Task requirements:
What you return should be the full listing, word for word, without a single image.

Data below:
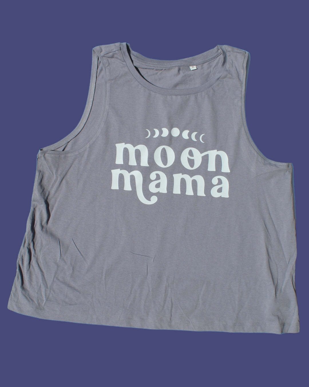 A lovely soft cotton vest, ladies size with moon mama slogan.
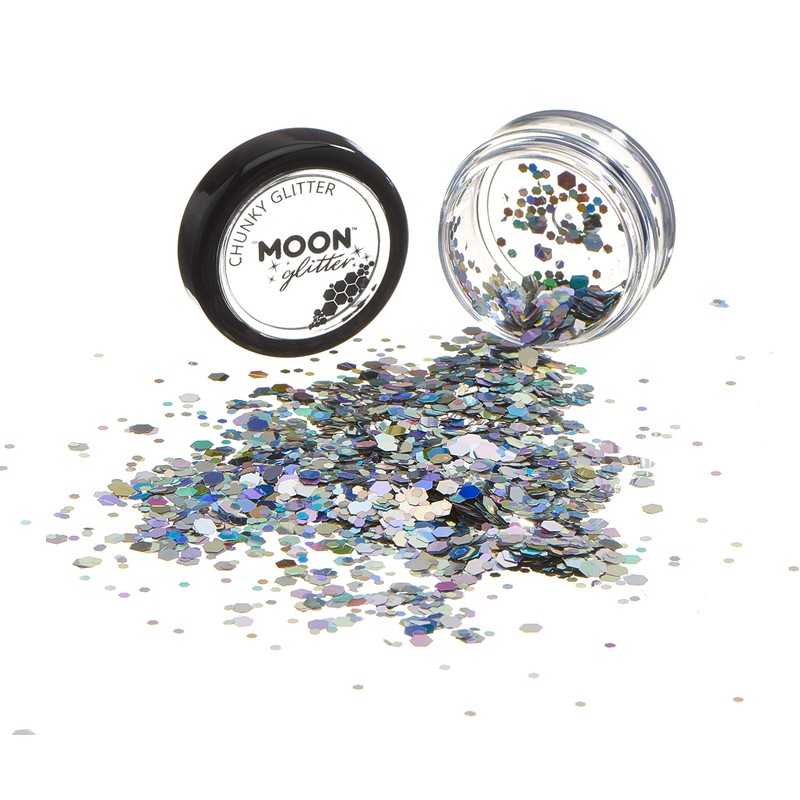Chunky Holographic Glitter by Moon Glitter - Silver - Cosmetic Festival Makeu...
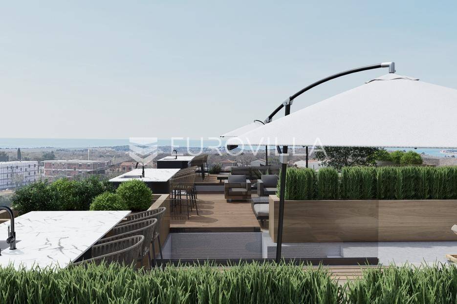 U Taru, nedaleko od centra, nalazi se novo naselje sa apartmanima.Stan oznake "D12" nalazi se na trećem katu stambene zgrade.Stan se sastoji od ulaznog hodnika, open space kuhinje, blagovaonice i dnevnog boravka s izlazom na terasu, 2 spavaće sobe od kojih jedna ima izlaz na balkon, kupaonice. Stan ima vlastitu krovnu terasu sa pripremom za jacuzzi, saunu, ljetnu kuhinju i 2 parkirna mjesta koja su uključena u cijenu.Podno grijanje u cijelom stanu, klima uređaj, kvalitetna talijanska keramika, Villeroy i Boch sanitarije.Izgradnja će započeti krajem 2024. godine.Posebna ponuda:Promotivna cijena za prvih 10 kupaca.Za više informacija stojimo vam na raspolaganju.
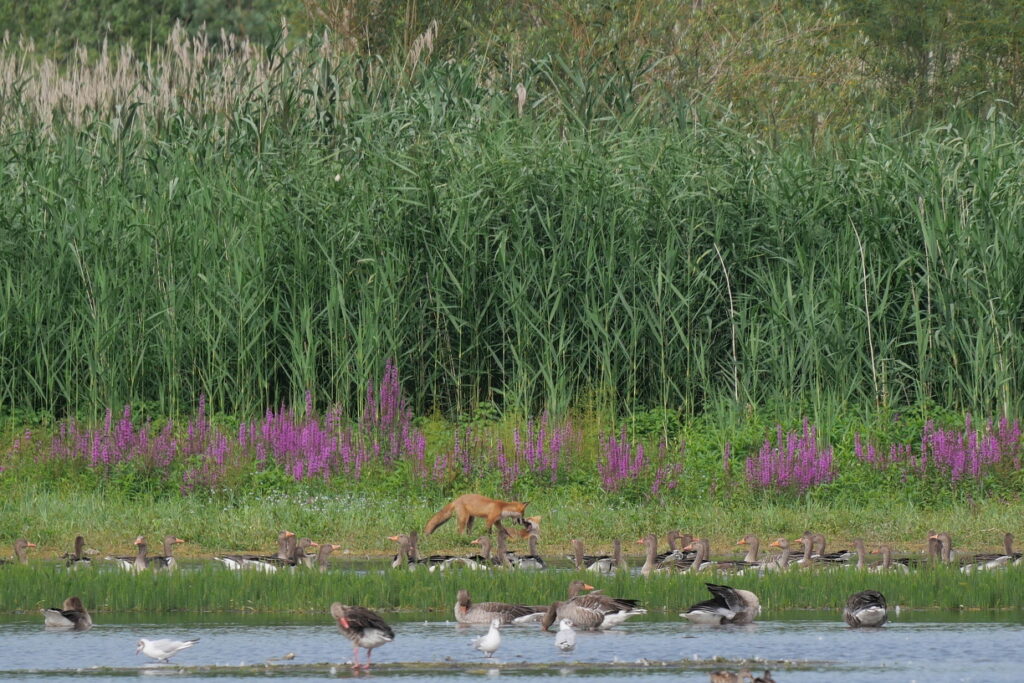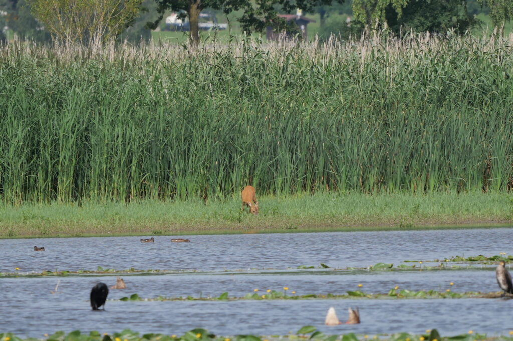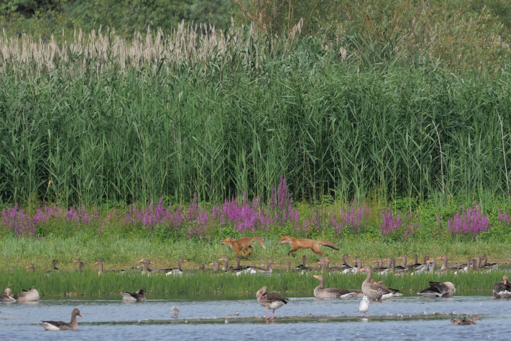 Zuerst erschien dann doch ein Reh, welches friedlich äste, bevor ein Paar Rotfüchse am Ufer direkt bei den Graugänsen erschienen. Diese hatten keine Angst vor den Rotfüchsen, auch wenn diese lautstark am Ufer spielten.

Answer:
 A lovely soft cotton vest, ladies size with moon mama slogan.
Chunky Holographic Glitter by Moon Glitter - Silver - Cosmetic Festival Makeu...
 U Taru, nedaleko od centra, nalazi se novo naselje sa apartmanima.Stan oznake "D12" nalazi se na trećem katu stambene zgrade.Stan se sastoji od ulaznog hodnika, open space kuhinje, blagovaonice i dnevnog boravka s izlazom na terasu, 2 spavaće sobe od kojih jedna ima izlaz na balkon, kupaonice. Stan ima vlastitu krovnu terasu sa pripremom za jacuzzi, saunu, ljetnu kuhinju i 2 parkirna mjesta koja su uključena u cijenu.Podno grijanje u cijelom stanu, klima uređaj, kvalitetna talijanska keramika, Villeroy i Boch sanitarije.Izgradnja će započeti krajem 2024. godine.Posebna ponuda:Promotivna cijena za prvih 10 kupaca.Za više informacija stojimo vam na raspolaganju.
 Zuerst erschien dann doch ein Reh, welches friedlich äste, bevor ein Paar Rotfüchse am Ufer direkt bei den Graugänsen erschienen. Diese hatten keine Angst vor den Rotfüchsen, auch wenn diese lautstark am Ufer spielten.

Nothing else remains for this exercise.